His brain, his mind – why this obsession with it? The self-destruct syndrome all over? Think your way into a breakdown? If he truly lived in his mind, if it were being taxed by something a little more elevated than what the sum of his life really was –

The knife sliced through the vine growing over the drive and stopped. There was a sound somewhere in front of him – a car moving over the gravel and heading toward him. The sweat rolled into his eyes. He listened. Visitors? Not likely, though the idea, after almost two weeks of isolation, was appealing. A wrong turn, more likely. He straightened and passed his arm over his eyes. The sound came closer, unmistakably a car; he could hear branches scraping against the sides. He lowered his arm and when he opened his eyes it was all a green blur, except for the vague black shape which had maneuvered the turn and was creeping forward, crushing the gravel beneath it. And then it stopped, no more than ten feet away. All he could hear was the sound of the motor idling. Even without seeing clearly he knew what it was, from the instinctive reaction of his body to the sound.

A trick, he told himself, an hallucination – if he could just rub the sweat out of his eyes and catch his breath it would disappear, and the sound with it.

He dropped the knife and pulled off his gloves, rubbing his fingers into his eyes. It wasn’t there. He knew that. It didn’t exist, not outside those childish and unreasonably frightening nightmares. There was absolutely no way something could creep back from the distant past and be real; or out of the tiny, vulnerable part of his brain where the image had lodged itself.
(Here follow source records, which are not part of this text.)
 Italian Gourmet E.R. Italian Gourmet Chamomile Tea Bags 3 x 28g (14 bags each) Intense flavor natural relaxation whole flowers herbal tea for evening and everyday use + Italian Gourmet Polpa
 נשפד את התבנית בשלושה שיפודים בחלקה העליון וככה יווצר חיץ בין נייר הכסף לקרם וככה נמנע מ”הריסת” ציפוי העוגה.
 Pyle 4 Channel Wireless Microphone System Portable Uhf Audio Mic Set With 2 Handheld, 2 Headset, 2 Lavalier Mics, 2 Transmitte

And be real and no more than ten feet away from him.

He opened his eyes. It was there. So clear, so palpably real, with the branches pushed forward around it. He could reach out and touch it, touch the chauffeur behind the tinted glass.
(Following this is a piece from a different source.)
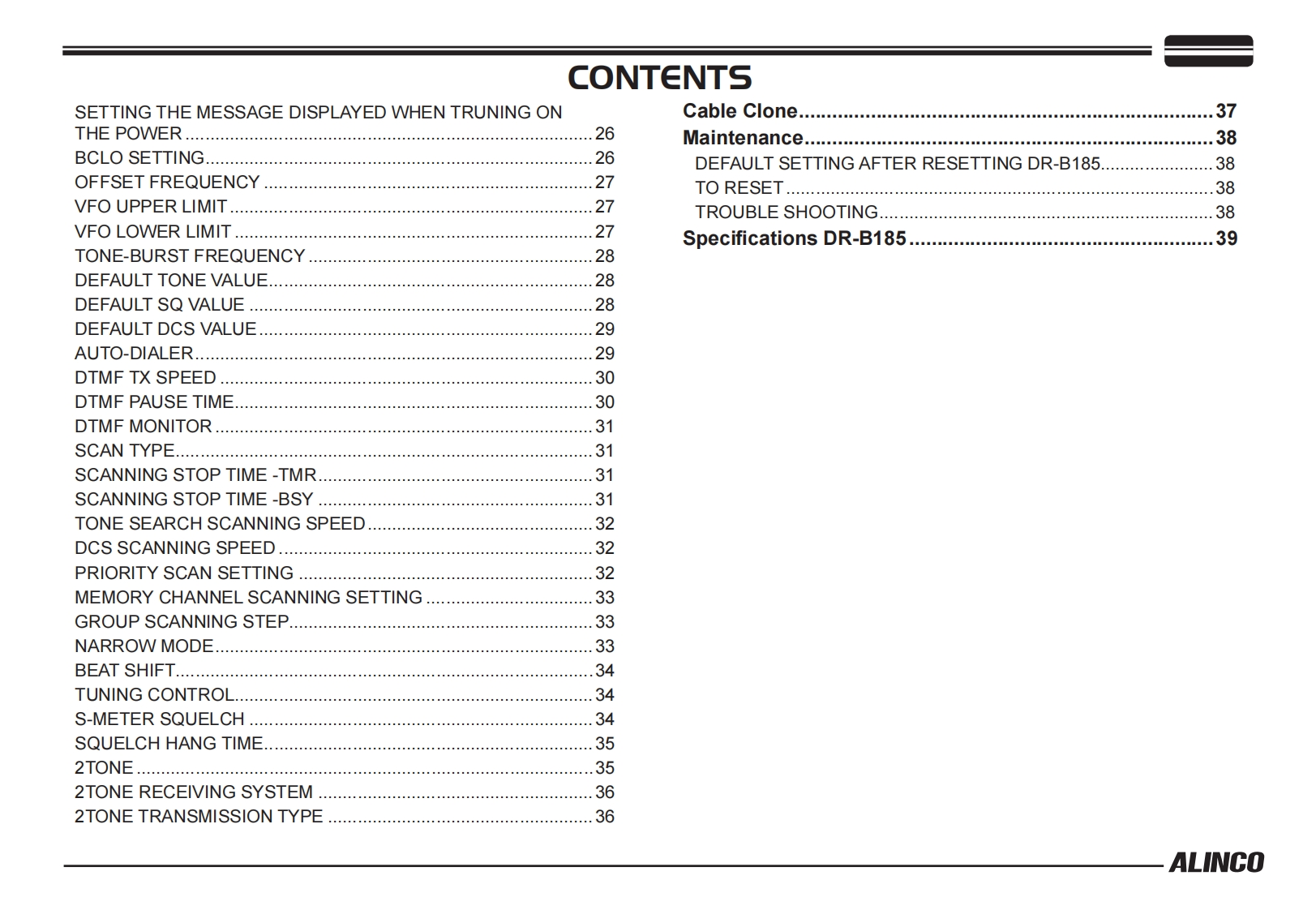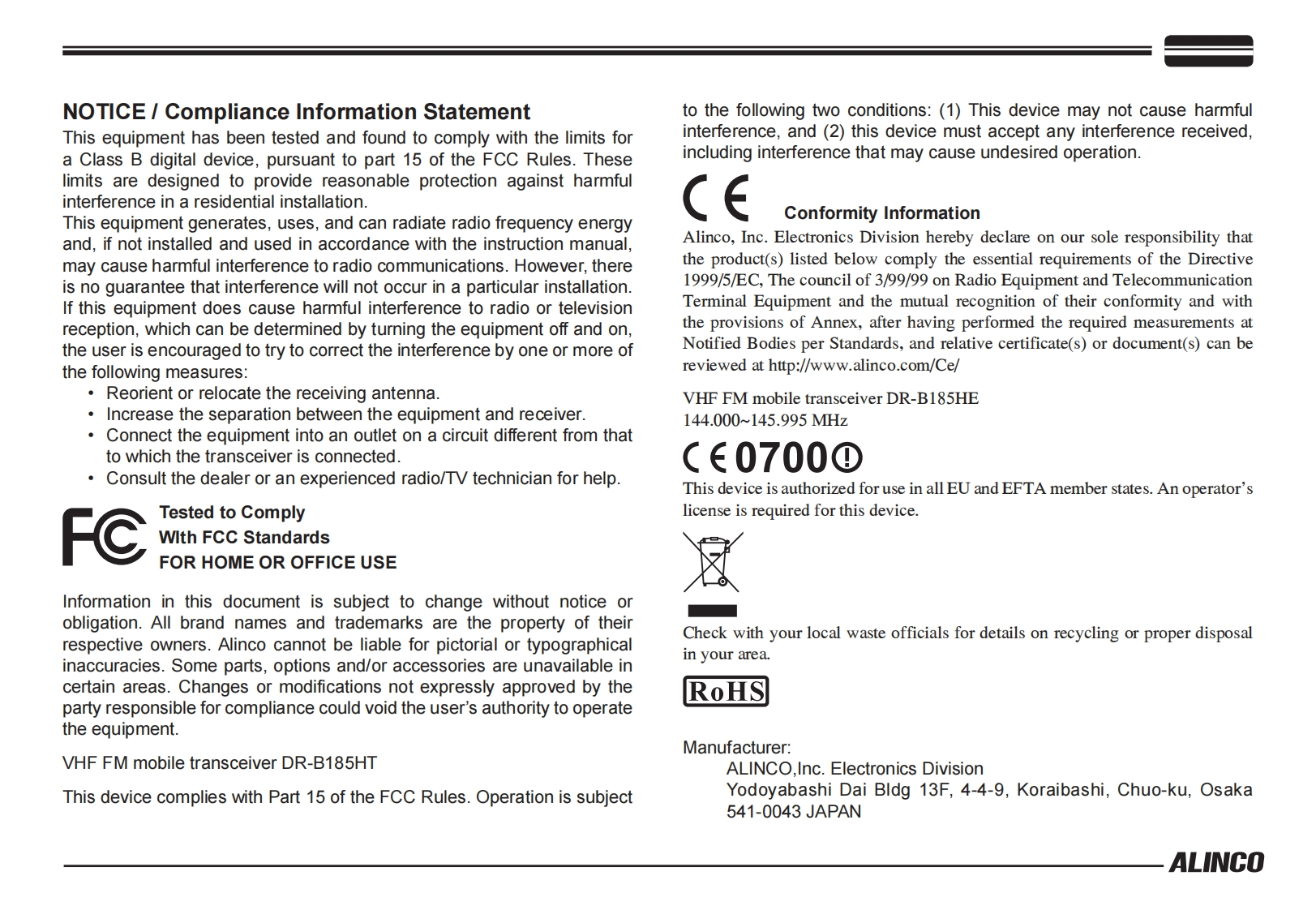 ALINCOVHF FM Mobile TransceiverDR-B185HTDR-B185HEInstruction ManualThank you for purchasing your new Alinco transceiver.Please read this manual carefully before using theproduct to ensure full performance,and keep thismanual for future reference as it contains informationon after-sales services.In case addendum or erratasheets are included with this product,please readthose materials and keep them together with this888品instruction manual for future reference.西5高

It’s not there, he repeated to himself. And if it was the child in him that had called up the image, then it was reasonable to speak to that part of himself and say, “It’s not there, and if something is really not there then you can’t be seeing it.” Pick up the knife and continue to clear away the branches.

He did, with his back to the car, hacking away at the foliage as if there were nothing making that steady throbbing sound in the driveway. He cut faster, moving closer to the sound and blocking it out of his mind, until he felt the bumper pressing against the back of his leg.